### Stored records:
---*---

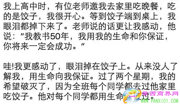 我小時(shí)候讀書(shū)差,考試都考紅字,就是考不到60分。有一年考試,我好不容易超過(guò)60分,很高興地拿回家給爸爸看。我爸爸正吃飯,他放下碗哈哈大笑。哥哥姐姐很奇怪,考這么爛還笑。
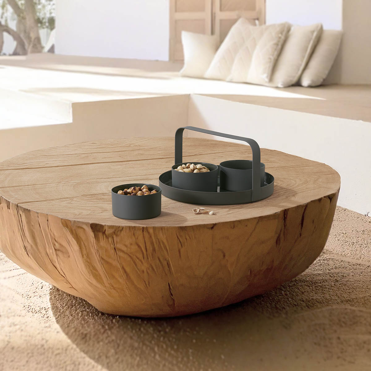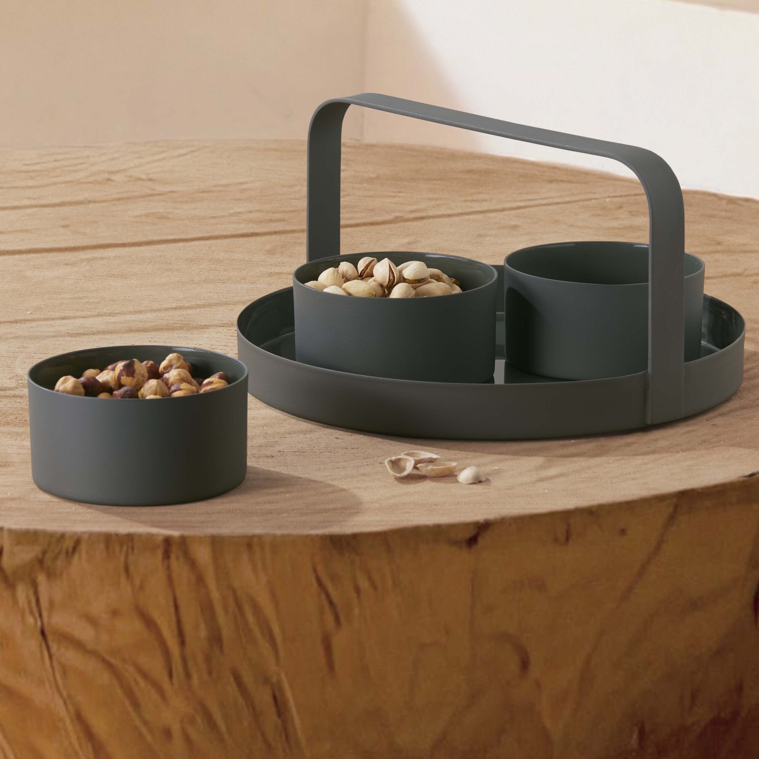 Un plateau, trois bols, une multitude d’utilisations possibles. Le service à snacks CLARA, minimaliste et moderne, composé de quatre pièces, est fabriqué en acier thermolaqué mat et doté d’un intérieur émaillé alimentaire.
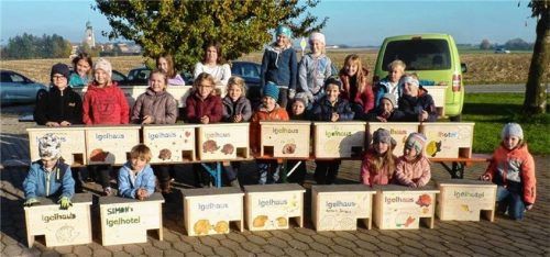 Grünthaler Kinder fertigen behagliche Igelhäuser
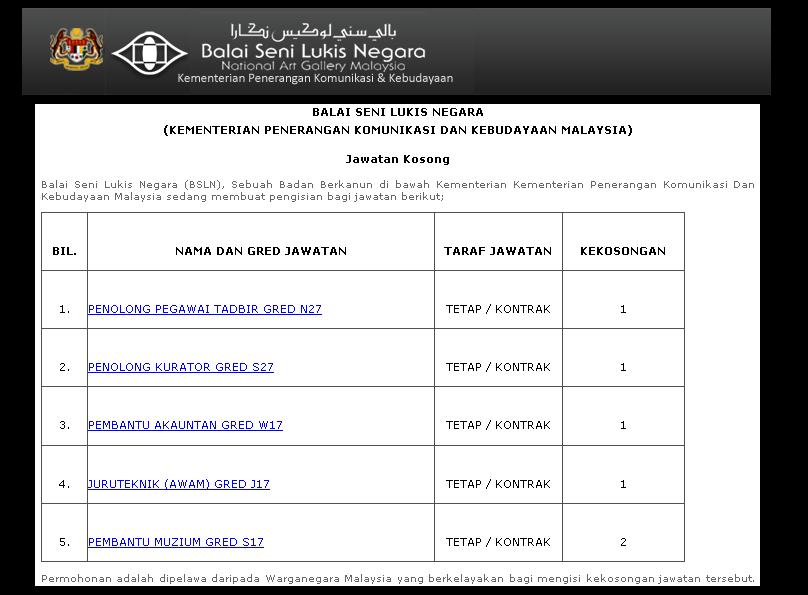 Jawatan Kosong Balai Seni Negara 12 Mei 2017 Jawatan Kosong Kerajaan Swasta Terkini Malaysia 2020 2021
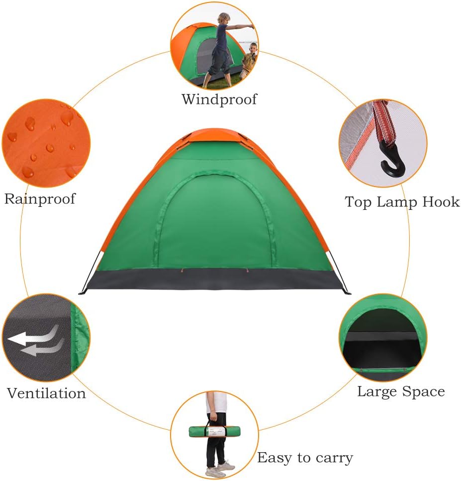 The camping tent is made of stronger tear-resistant polyester.It come with a removable rainfly and zippers designed for keeping the rain outside the tent. The ropes of tent and piles ensure safety and stability.

---*---

### Your objective:
The records above are to be restated exactly, with all pictures omitted.

### Answer box:
 我小時(shí)候讀書(shū)差,考試都考紅字,就是考不到60分。有一年考試,我好不容易超過(guò)60分,很高興地拿回家給爸爸看。我爸爸正吃飯,他放下碗哈哈大笑。哥哥姐姐很奇怪,考這么爛還笑。
 Un plateau, trois bols, une multitude d’utilisations possibles. Le service à snacks CLARA, minimaliste et moderne, composé de quatre pièces, est fabriqué en acier thermolaqué mat et doté d’un intérieur émaillé alimentaire.
 Grünthaler Kinder fertigen behagliche Igelhäuser
 Jawatan Kosong Balai Seni Negara 12 Mei 2017 Jawatan Kosong Kerajaan Swasta Terkini Malaysia 2020 2021
 The camping tent is made of stronger tear-resistant polyester.It come with a removable rainfly and zippers designed for keeping the rain outside the tent. The ropes of tent and piles ensure safety and stability.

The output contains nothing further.